# Advice on a New Set-up



## hanzosteel (Oct 7, 2009)

personally, i'd stay away from getting the channel/est set-up - u'll b jake's slave forever. u should get urself into a local shop and ask about other companies. it's not that burton makes crap, it's just that u'll save some money with lesser known brands like nitro who make equally good boards. y limit your options with channel/est? even burton's non-channel boards would be a better option. there are plenty of local shops around toronto - sanction, hogtown, boardzone, sign of the skier, etc.


----------



## ---NT--- (Oct 11, 2009)

My advice is to go into a lot of board shops. Look at as many as you can, talk to the shop workers (don't talk to reps!), pick the boards up and flex them and once you have a handful you're interested in start doing internet research to narrow it down even further, then make your final decision in-shop after another physical handling. If you can, once you've narrowed your selection down to 2-5 demo them (if your mountain has a demo shop that carries the boards you're looking at).
Over the years I've come up with some general rules for myself, over time you'll probably develop some guidelines that work for you.

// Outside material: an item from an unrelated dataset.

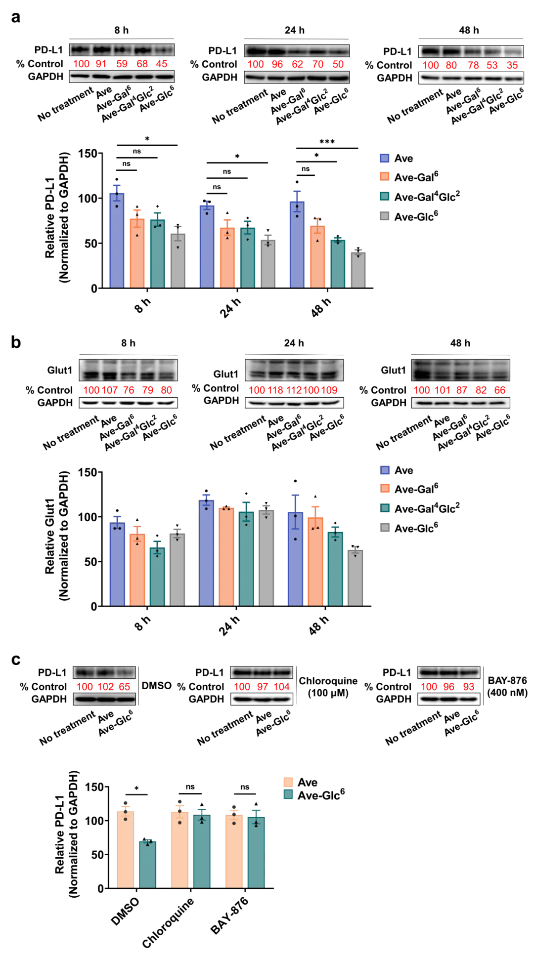 团队进一步探讨了Ave-糖缀合物降解 PD-L1蛋白的降解机制是否与糖寡聚物内化进入细胞的途径相关,免疫印迹实验结果显示Ave-糖寡聚物共轭物分子降解PD-L1蛋白是顺利获得溶酶体途径介导,并且揭示了Glut1在此策略中扮演了重要角色,相信葡萄糖转运蛋白Glut1将在未来的靶向蛋白降解技术中得到更广泛的应用。

Mine are:
No Burton boards or bindings
No boards or bindings made by an apparel company.
No bindings without adjustable heel cups (Flow is the exception to this rule...I like them).
I prefer to buy from a smaller company that specializes in snowboarding (Mervin Mfg, Capita) rather than a mega-corp or ski manufacturer.


----------



## Mountainmenace (Sep 27, 2009)

---NT--- said:


> My advice is to go into a lot of board shops. Look at as many as you can, talk to the shop workers (don't talk to reps!), pick the boards up and flex them and once you have a handful you're interested in start doing internet research to narrow it down even further, then make your final decision in-shop after another physical handling. If you can, once you've narrowed your selection down to 2-5 demo them (if your mountain has a demo shop that carries the boards you're looking at).
> Over the years I've come up with some general rules for myself, over time you'll probably develop some guidelines that work for you. Mine are:
> No Burton boards or bindings
> No boards or bindings made by an apparel company.
> ...



this is good info that NT is giving 



THE JIB CRIB - THE WORLD'S BEST INDOOR SNOWBOARD RACK - Home


----------



## gjsnowboarder (Sep 1, 2009)

*Advice fo new-set-up*

First off don't listen to the comments that state to stay away from one company or another just because they are big or small. Instead focus on getting the gear that matches your style of riding.

By your post you wanted a set-up with quick response. In this case you will want to aim for boots and bindings that are higher in the stiffness scale.

From your post and name and previous board choice it appears you are of the female gender. In this case make sure your set-up is women specific. The flex patterns, stiffness of material, and postioning on the equipment is designed to work with women specific body geometry.

For boards look at these companies - Burton, Ride, Arbor, K2, or some local company in your area
For Bindings - Ride, Burton, Salomon
For Boots - Burton, Ride, Salomon, K2

I have friends that tried out other companies and these companies typically was the most common gear purchased.


----------



## ---NT--- (Oct 11, 2009)

gjsnowboarder said:


> First off don't listen to the comments that state to stay away from one company or another just because they are big or small.


Oh, but she should listen to comments about which companies to gravitate towards?



gjsnowboarder said:


> For boards look at these companies - Burton, Ride, Arbor, K2, or some local company in your area
> For Bindings - Ride, Burton, Salomon
> For Boots - Burton, Ride, Salomon, K2


BTW, I never told her to stay away from certain companies - I was giving examples of criteria that I've built for myself over the years. I'm perfectly willing to admit that Burton and K2 make some good products - but I'm not going to buy them for personal reasons. All purchases should be personal and not based on what's hyped or trendy. Choose what's right for you, not what someone else thinks is right for you.


----------



## Nivek (Jan 24, 2008)

Lots of people riding icy mountains are on Mervin and Neversummer. They both have very good grip on ice. Which one is better? That depends on who you ask. I could tell you what I prefer, but that wouldn't do you any good. So...

Boards I recommend are: NS Lotus-R, Gnu B-Pro, CAPiTA Midnight, K2 EcoPop, Nitro T1 womens, Arbor Push, Salomon Ivy, Ride Canvas

Bindings I like: Union Milans, Ride DVA, K2 Auto Agogo, Salomon Stella

Boots you'll just have to try on everything and anything you can find. Noone can tell you how your foot is going to fit in a boot. Choose whatever is most comfortable. Then make sure to bring your boots with you when you shop for bindings, make sure they fit well.


----------



## lilfoot1598 (Mar 7, 2009)

Check out Gnu, Roxy, and Never Summer boards for excellent grip on ice. The Burton Feather is the most basic beginner board you can buy - keep in mind that most boards you buy will feel more responsive in comparison. 

Rome Madison bindings come highly recommended, although I think they may be a bit softer than you'd like. Also check out K2 Virtues.

Good luck!


----------



## Guest (Oct 24, 2009)

Hey All - Thanks so much for the guidance on this! I've gone out to almost every shop in Toronto and I think I've landed on the Arbor Push as my board. I'm still figuring out the bindings but leaning towards an older version of Escapades ('08).

Still have to work on the boots, but have to try on way more before I can make a call on that.

Thanks again for the help guys!
carme


----------